Sin embargo, cualquiera que sea la forma en que un niño ha venido al mundo, su vida debe ser respetada y protegida. El Papa Juan Pablo II se pregunta en su Encíclica El Evangelio de la Vida: “¿Acaso se puede ser un ser humano sin al mismo tiempo ser una persona humana?” La ciencia nos muestra que desde el momento de la fertilización ha comenzado una nueva vida humana. No se trata de un ser humano en potencia, sino de un ser humano con un gran potencial. A medida que crecemos hacia la adultez, no hay cambios en nuestra naturaleza como seres humanos ni en nuestro valor como personas. La vida del ser humano debe ser respetada en cada fase de su desarrollo y existencia.
Para los matrimonios que están sufriendo de problemas de infertilidad, hay esperanza. El Dr. Thomas W. Hilgers es un ginecólogo provida. El Dr. Hilgers es Director del Instituto Papa Pablo VI. Este eminente médico ha desarrollado un sistema que se llama NaProTecnología, para ayudar a los matrimonios a administrar su fertilidad por medio del respeto a la ley moral de Dios. La NaProTecnología funciona con, y no en contra de, la naturaleza.

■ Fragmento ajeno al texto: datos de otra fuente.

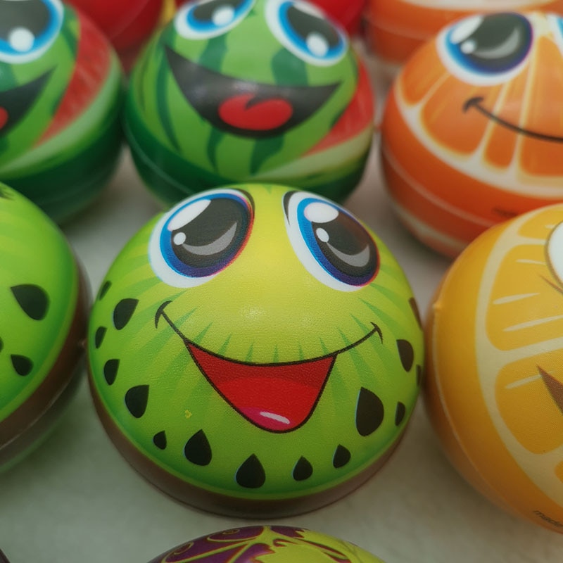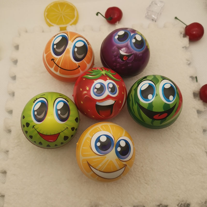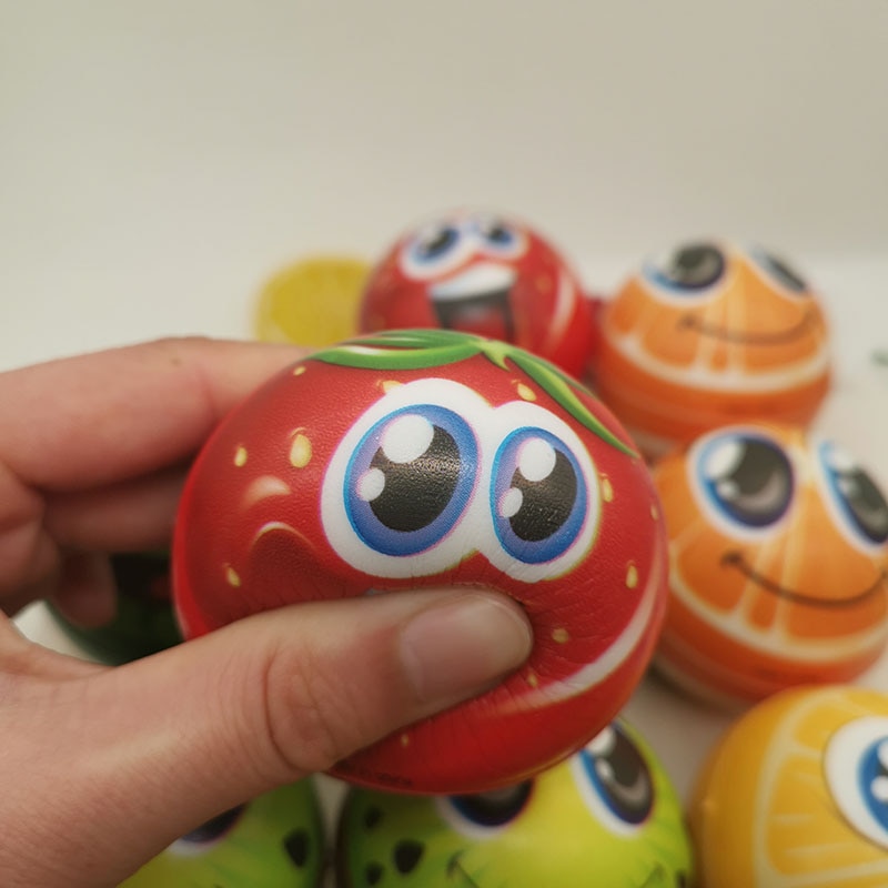 כדורי לחץ בעיצובים מגניבים של אימוג'י פירות בגודל 6.3 ס"מ כל כדור, הכדור עשוי כולו ספוג וחומר רך כך שהוא מתאים ללחיצות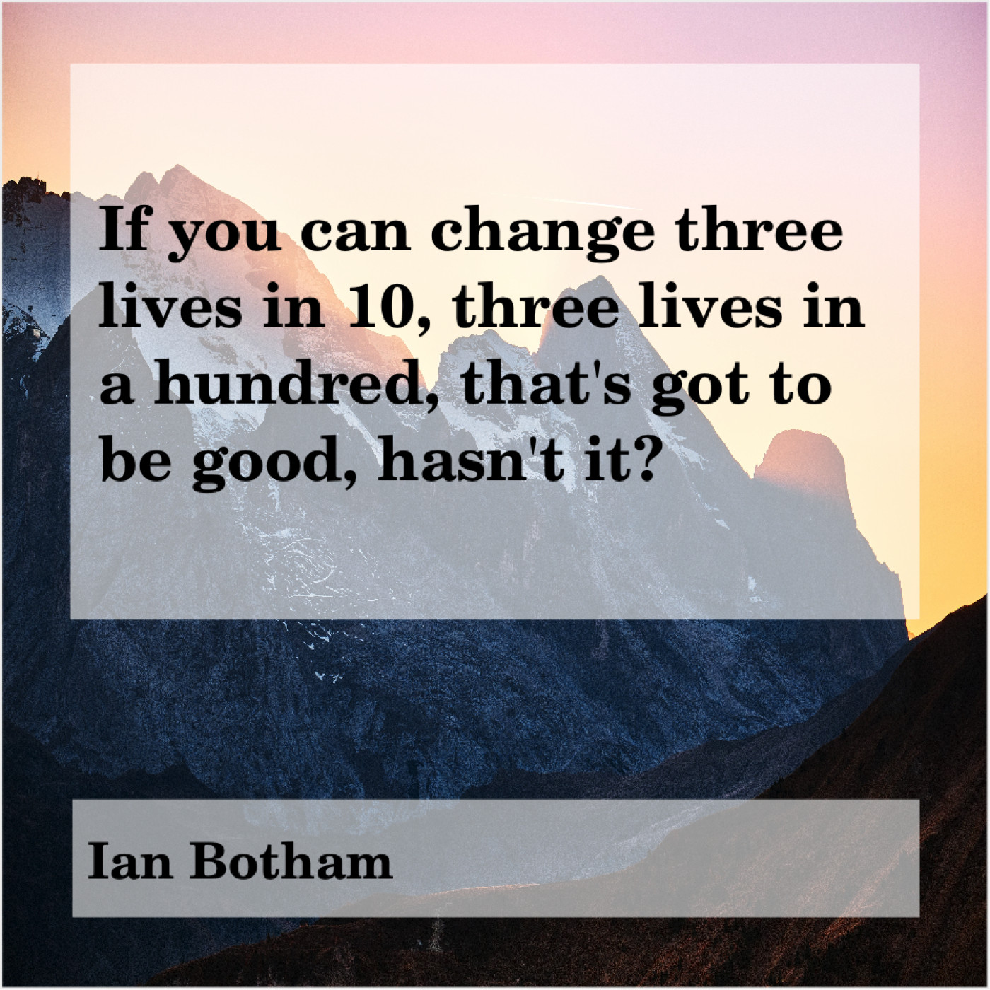 Ian Botham Ian Botham – If you can change three… September 15, 2019 admin “If you can change three lives in 10, three lives in a hundred, that’s got to be good, hasn’t it?”-Ian Botham

El Dr. Hilgers ha tenido mucho éxito al ayudar a muchos matrimonios a tener hijos. Incluso, hay un matrimonio que conozco personalmente que ahora tiene una hermosa bebé después de cinco años de infertilidad. El Dr. Hilgers dice que hay demasiados médicos hoy en día que pasan por alto los problemas subyacentes que causan la infertilidad e inmediatamente recomiendan la FIV.
Detrás de cada “no” hay un gran “sí” a la dignidad de la persona humana, al respeto a la vida humana inocente y a la santidad del matrimonio, y la reverencia hacia los actos dadores de amor por medio de los cuales vienen al mundo nuevos seres humanos.